[MDEV-28880] Upgrade from MariaDB 10.3.32 to MariaDB 10.6.8 has errors/issues/documentation Created: 2022-06-17  Updated: 2023-01-22

Status: Open
Project: MariaDB Server
Component/s: Storage Engine - InnoDB
Affects Version/s: 10.3.32, 10.6.8
Fix Version/s: 10.6

Type: Bug Priority: Major
Reporter: F K Assignee: Thirunarayanan Balathandayuthapani
Resolution: Unresolved Votes: 0
Labels: Compatibility, innodb
Environment:

Red Hat Enterprise Linux release 8.6 (Ootpa)
Official MariaDB repo


Issue Links:
Relates
relates to MDEV-24412 Mariadb 10.5: InnoDB: Upgrade after a... Closed

 Description   

Hello,
We upgraded 5 slaves and 1 master from MariaDB 10.3.32 to MariaDB 10.6.8
Here are error, issue, documentation suggestions we encountered.

1.
4 of 5 of the slaves had the following error:

[ERROR] InnoDB: Upgrade after a crash is not supported. The redo log was created with MariaDB 10.3.32.

preventing startup after upgrade. so mariadb_upgrade could not be run and server could not be started

Therefore we downgraded back to 10.3.32 and ran MySQL commands

SET GLOBAL innodb_fast_shutdown = 0;
SET GLOBAL innodb_buffer_pool_dump_at_shutdown=OFF;

then shutdown then upgraded to 10.6.8 again with the same problem.

We had to delete the ib_logfile0 file, upgrade to 10.6.8 and restart to upgrade.

Here are related logs:

2022-06-15 15:17:56 0 [Note] InnoDB: FTS optimize thread exiting.
2022-06-15 15:17:56 1 [Note] InnoDB: to purge 2 transactions
2022-06-15 15:17:56 0 [Note] InnoDB: Buffer pool(s) load aborted due to user instigated abort at 220615 15:17:56
2022-06-15 15:17:56 0 [Note] InnoDB: Starting shutdown...
2022-06-15 15:18:07 0 [Note] InnoDB: Removed temporary tablespace data file: "ibtmp1"
2022-06-15 15:18:07 0 [Note] InnoDB: Shutdown completed; log sequence number 30535472345669; transaction id 71002773175
2022-06-15 15:18:07 0 [Note] /usr/sbin/mysqld: Shutdown complete
 
2022-06-15 15:24:17 0 [Note] InnoDB: Compressed tables use zlib 1.2.11
2022-06-15 15:24:17 0 [Note] InnoDB: Using transactional memory
2022-06-15 15:24:17 0 [Note] InnoDB: Number of pools: 1
2022-06-15 15:24:17 0 [Note] InnoDB: Using crc32 + pclmulqdq instructions
2022-06-15 15:24:17 0 [Note] InnoDB: Using Linux native AIO
2022-06-15 15:24:17 0 [Note] InnoDB: Initializing buffer pool, total size = 332859965440, chunk size = 134217728
2022-06-15 15:24:18 0 [Note] InnoDB: Completed initialization of buffer pool
2022-06-15 15:24:20 0 [ERROR] InnoDB: Upgrade after a crash is not supported.

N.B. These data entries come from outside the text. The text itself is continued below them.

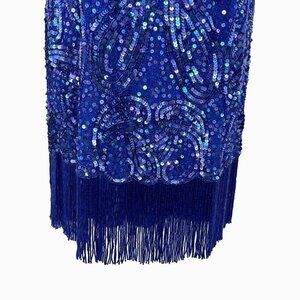 VINTAGE LILLIE RUBIN BLUE SEQUIN BEADED FRINGE FLAPPER COCKTAIL DRESS - M
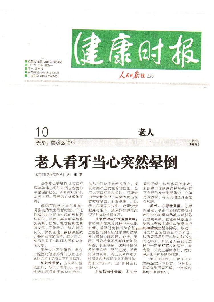 【健康时报】老人看牙当心突然晕倒(2015年8月17日 第10版)
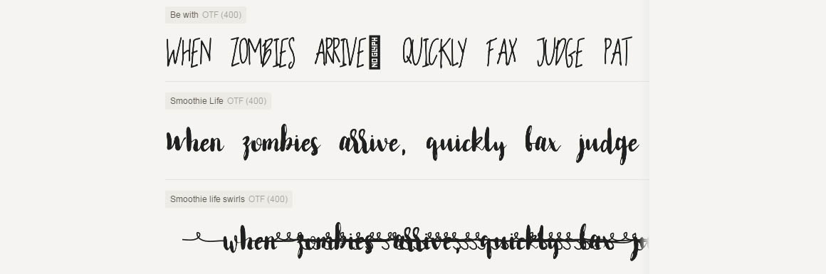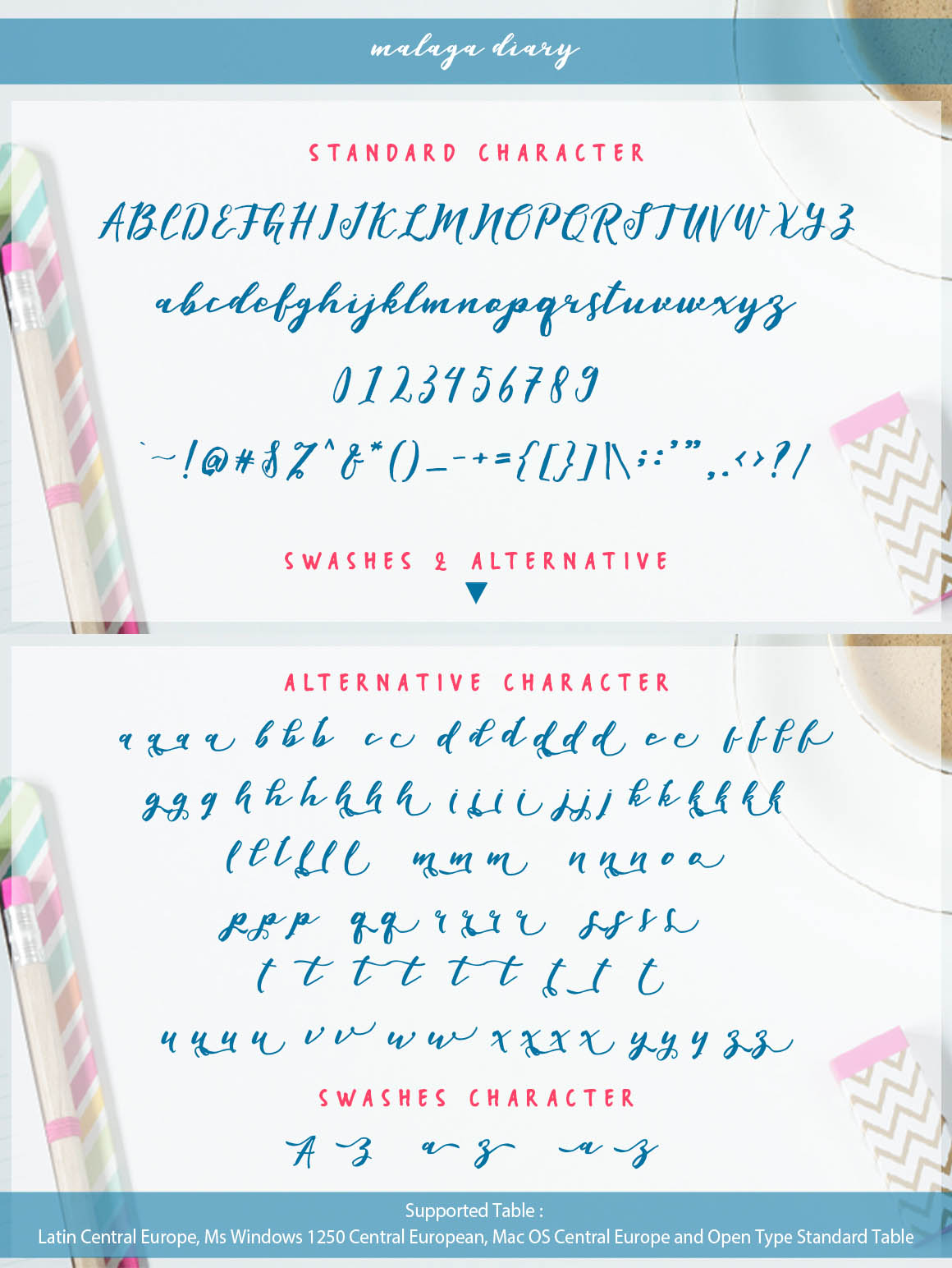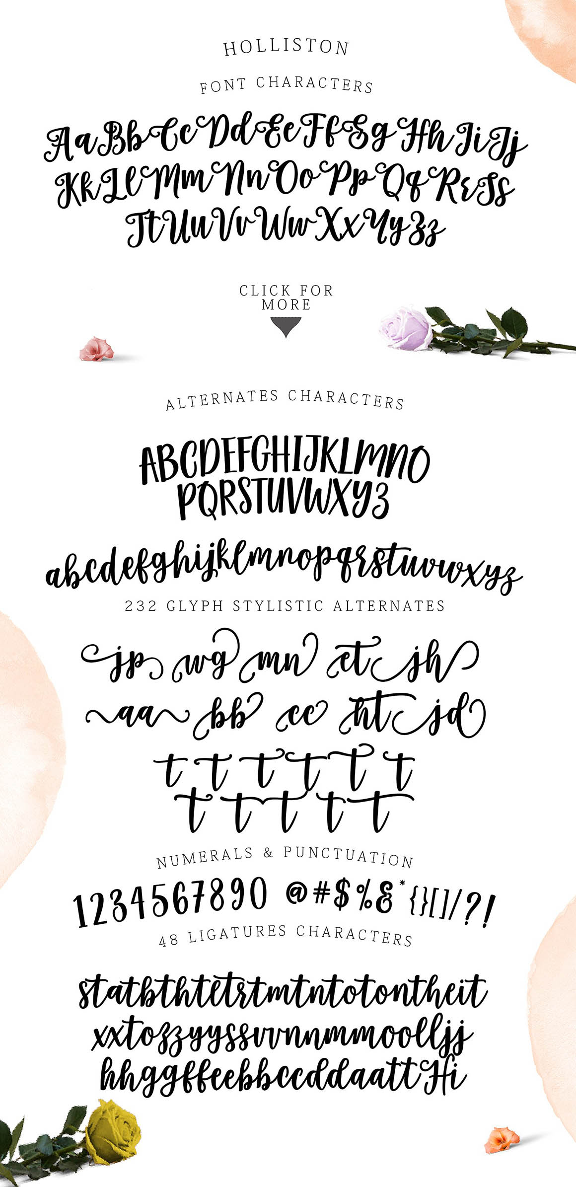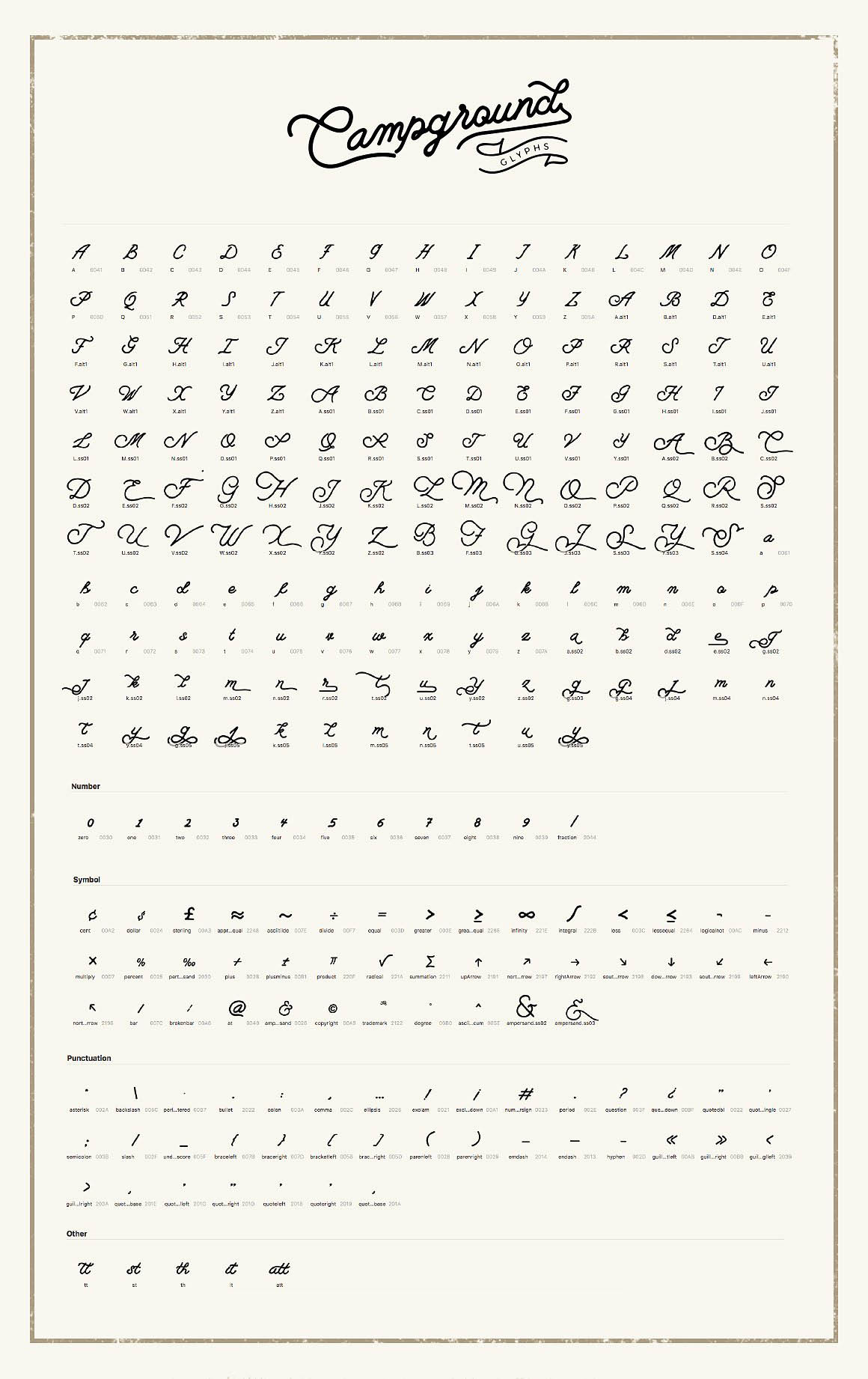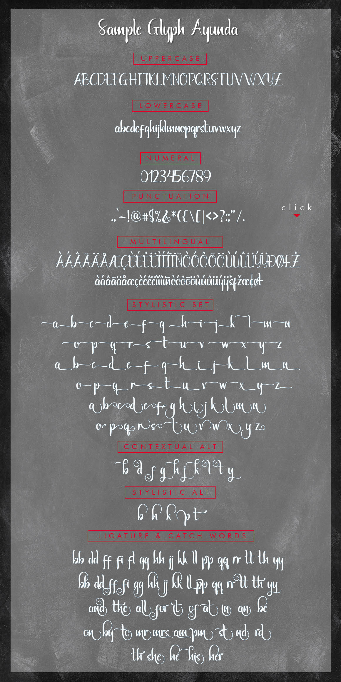 If you don’t have a program that supports OpenType features such as Adobe Photoshop or Illustrator, you can access all the alternate glyphs using Font Book (Mac) or Character Map (Windows).
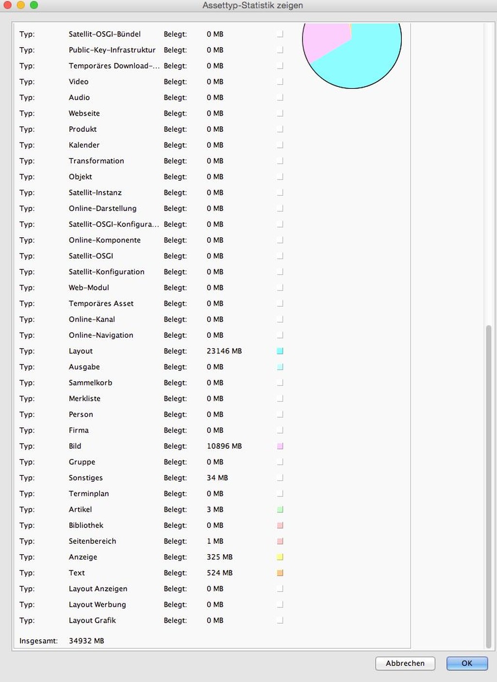 Once you press 'OK', censhare will calculate the size for different asset types on this particular domain and display the used sizes within the file system as a user friendly chart.
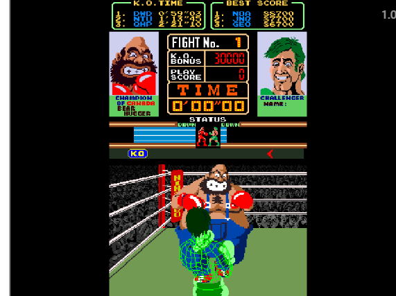주인공/게임 특징 | 와이어프레임 복서, 5명의 챔피언, 독특한 캐릭터 디자인, 인칭 시점 복싱 아케이드 작품으로 대결하는 상대의 공격하는 패턴을 먼저 잘 읽으며 공격을 회피하고 펀치를 피하고 케이오를 시키면 승리를 하게 되는 작품이다. 슈퍼 펀치-아웃!! 플레이방법: 조이스틱으로 펀치와 회피, 타이밍 맞춰 상대 공격;. 팁: 상대 패턴 파악, 카운터 펀치 활용. 공략: 스타 펀치 모으기, 적절한 회피 타이밍. 회피(Dodge) 또는 숙이기(Duck) 후, 약점 타격을 하고 적을 넉다운 시켜서 승리토록 하자!! |

The redo log was created with MariaDB 10.3.32.
2022-06-15 15:24:20 0 [ERROR] InnoDB: Plugin initialization aborted with error Generic error
2022-06-15 15:24:20 0 [Note] InnoDB: Starting shutdown...
2022-06-15 15:24:20 0 [ERROR] Plugin 'InnoDB' init function returned error.
2022-06-15 15:24:20 0 [ERROR] Plugin 'InnoDB' registration as a STORAGE ENGINE failed.
2022-06-15 15:24:20 0 [Note] Plugin 'FEEDBACK' is disabled.
2022-06-15 15:24:20 0 [ERROR] Failed to initialize plugins.
2022-06-15 15:24:20 0 [ERROR] Aborting

Here are related my.cnf settings:

innodb_log_files_in_group      = 1
innodb_log_file_size           = 16G
innodb_flush_log_at_trx_commit = 1

What we did not try: Stop slave replication manually before shutdown and then upgrade.
Other notes: We had major problems in the past before changing innodb_change_buffering to none. Basically restarting slaves broke some index in the database nearly all the time. We ran scripts to check all tables rebuild all the broken table indexes using OPTIMIZE TABLE. On the other hand one of the servers that did not get this error was one rebuild recently from mariadbbackup. However the backup server running the mariadbbackup had the same error upgrading. Just adding in case some recovery we did broke the database before upgrade, but we don't think that is the issue.
Other notes: Mariadb database is about 1.5 TB, with peak about 50,000 selects per second, 50 deletes per second, 500 inserts per second, 500 updates per second on master, with averages over half the peak

2.
On four out of five of the slaves after upgrade, we got

2022-06-16 13:57:57 8 [ERROR] mariadbd: Can't find record in 'TABLENAMEREDACTED'

one server had it twenty times in the last month, one server had it four times, one server had it twice, one server had it once.
CHECK TABLE TABLENAMEREDACTED shows no error.
percona checksum showed no data difference.
There was no other slave replication problems.
TABLENAMEREDACTED is the same table on all servers, and it is actually relatively not a big table or busy table.

We performed OPTIMIZE TABLE TABLENAMEREDACTED on the master and slaves to recreate table just in case.
However, we are still gettings errors on slaves with the same table, even after performing OPTIMIZE TABLE TABLENAMEREDACTED.
Also, percona checksum still shows no data difference between servers.
CHECK TABLE TABLENAMEREDACTED still shows no error.
There are still no other slave replication problems.

Other notes: all servers are runing with the following setting which enable parallel replication.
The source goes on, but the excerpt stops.